Discours du ministre des Affaires étrangères Bruno Rodríguez Parrilla à l'occasion de l'ouverture de la conférence "La nation et l'émigration".
M. Miguel Díaz Canel Bermúdez, Président de la République :
Chers compatriotes :
Au nom du gouvernement et du comité organisateur, je vous souhaite la bienvenue à la IVe Conférence "La nation et l'émigration", pour réfléchir et échanger des vues sur les questions importantes de la nation et sur les liens avec nos compatriotes vivant à l'étranger.
Le respect absolu de la souveraineté et de l'indépendance de la Patrie et la volonté commune de continuer à renforcer et à diversifier nos liens sont des prémisses que nous partageons.
Vous savez que le pays traverse une situation économique compliquée, avec des impacts sociaux visibles, qui affectent le niveau de vie, la satisfaction des besoins, les services sociaux et le bien-être de notre peuple.
Nous subissons l'effet combiné du renforcement extrême du blocus économique, commercial et financier, des conséquences de la pandémie COVID 19 et de l'impact économique de la crise mondiale et des conflits internationaux en cours.

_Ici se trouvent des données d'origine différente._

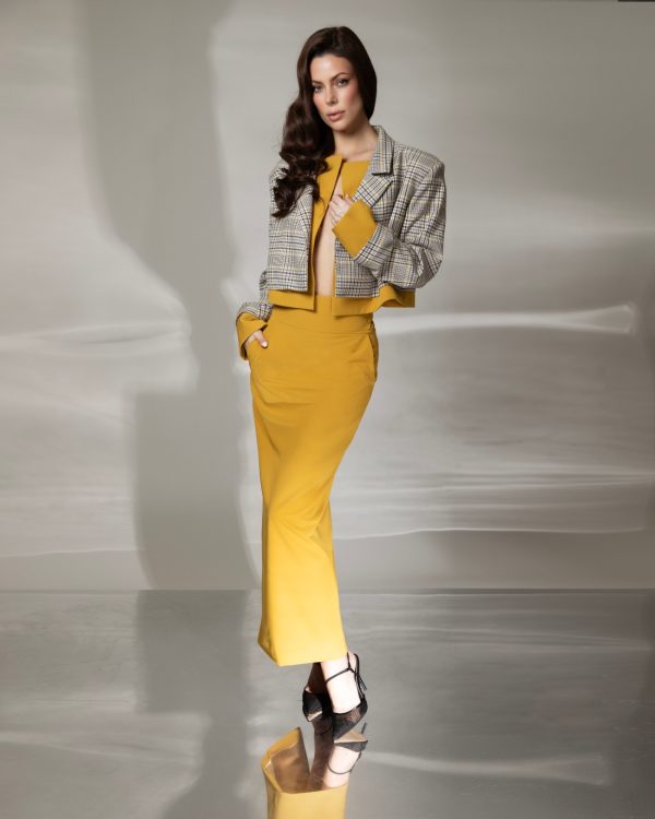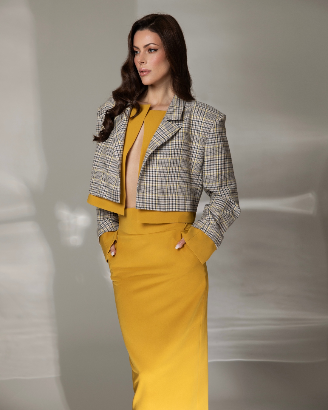 Strukturirani karirani sako sa širokim ramenima i mustard žutim detaljima donosi dozu samopouzdanja i sofisticiranosti, dok duga suknja pruža elegantan i jednostavan izgled.

Cela se produit au milieu d'un processus de transformation et de révolution de notre économie, qui vise à actualiser le système socialiste, à le rendre plus efficace et à l'adapter aux réalités actuelles du pays et du monde. C'est un processus qui génère ses propres tensions et que nous avons entrepris, conscients de sa nécessité et de ses risques, mais certains qu'il était inévitable et urgent.
Nous avons également rencontré nos propres lacunes, distorsions et difficultés, sur lesquelles nous avons travaillé sans relâche, en ayant toujours à l'esprit le bien-être des citoyens.
Notre gouvernement reste fermement engagé à sauvegarder la justice sociale et à protéger autant que possible l'équité qui nous caractérise. Nous sommes convaincus que nous trouverons une issue à ce scénario complexe grâce à nos propres efforts.
L'histoire révolutionnaire de Cuba comporte plusieurs moments de grandes difficultés que nous avons toujours réussi à surmonter. C'est une histoire dont nous pouvons être fiers, avec des exploits apparemment inconcevables pour un pays de la taille du nôtre, héritier d'un potentiel économique sous-développé et soumis à l'agression permanente du gouvernement le plus puissant de la planète.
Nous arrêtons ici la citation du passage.